Newcomer Carol Zi Yang will be tested at Freeman Memorial tennis tourney

Editor’s note: This is the debut of the weekly UNLV Sports Notebook. While coverage of UNLV men’s basketball and football can be found regularly in the Review-Journal, this space will focus mostly on the school’s Olympic sports.

The UNLV women’s tennis program has seen its share of standouts over the years, but the Rebels have never before had a player with the pedigree of Carol Zi Yang.

A junior transfer from Shenzhen, China, Yang has been ranked as high as 303rd in the world in singles by the Women’s Tennis Association. She’s the highest-ranked player in UNLV history and is slated to make her Rebels debut at the Freeman Memorial women’s tennis championships, scheduled from Friday through Sunday at the school’s Fertitta Tennis Complex.

Yang, who was ranked among the top 40 players in the world in juniors, sat out last year after transferring from the Shenzhen School in China.
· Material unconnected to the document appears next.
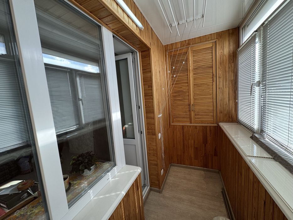 Балкон утеплений та розширений, є освітлення, встановлені внутрішні полички з обох боків.

“She was very highly recruited,” 16th-year UNLV coach Kevin Cory said. “She has a world-class backhand and she knows how to win.”

Yang’s skills will be put to the test immediately at the elite tournament, which is free to the public and features five teams ranked in the nation’s top 10 in No. 2 USC, No. 3 Florida, No. 4 North Carolina, No. 8 Stanford and No. 9 UCLA.

“It’s a loaded group,” said Cory, who 14 years ago named the event after his grandparents, who introduced him to the game. “This has kind of become one of the premier events in college tennis.”

In addition to Yang, the Rebels will be led by three freshmen who’ve each earned WTA rankings in China’s Aiwen Zhu (career-high No. 738), Romania’s Cristina Moroi (No. 1,016) and Ukraine’s Anna Bogoslavets (No. 1,020).

“It’s the first time in the history of our program we’ve had four players with WTA rankings on the roster at the same time,” Cory said. “It’s a pretty talented group.”

With the relatively small group of elite American players in each recruiting class usually taken by the aforementioned top-ranked teams, UNLV’s perennial top-50 program is made up entirely of international players, including ones from Bulgaria, Hungary, El Salvador and Spain.

“It’s hard for people to understand why we get so many international kids,” said Cory, a California native who played tennis for Oregon. “The funny thing is people think I live in Europe in the summer, but I’ve never been to Europe.”

LAS VEGAS LOCALS RETURN — A pair of former Las Vegas prep tennis standouts — USC sophomore Gabby Smith and Stanford freshman Kimberly Yee — will compete in the Freeman Memorial.

Smith, who won the 4A state title as a freshman at Coronado High School and earned All-American honors as a senior, is ranked fourth in the country in doubles with her senior partner Giuliana Olmos.

Yee, who attended Odyssey Charter High in Las Vegas, was the nation’s No. 1 player in juniors and was recruited by UNLV before opting for Stanford.

“We would’ve loved to have her on our team, but how do you pass up Stanford?” Cory said.

LADY REBELS HIT ROAD — The UNLV women’s basketball team (8-6, 1-2 Mountain West) will try to even its league mark Wednesday night at New Mexico (8-6, 1-2) before taking on winless Air Force (0-14, 0-3) on Saturday in Colorado Springs, Colo.

The Lady Rebels snapped a four-game losing streak in emphatic fashion Saturday, whipping Wyoming 66-37 in their best defensive effort in more than four years before a Cox Pavilion record announced crowd of 1,703.

Nikki Wheatley had 19 points and 10 rebounds for UNLV, Brooke Johnson scored 17 points and Dakota Gonzalez added 13 points and eight rebounds. The three sophomore guards average a combined 38.1 points and 15.5 rebounds per game.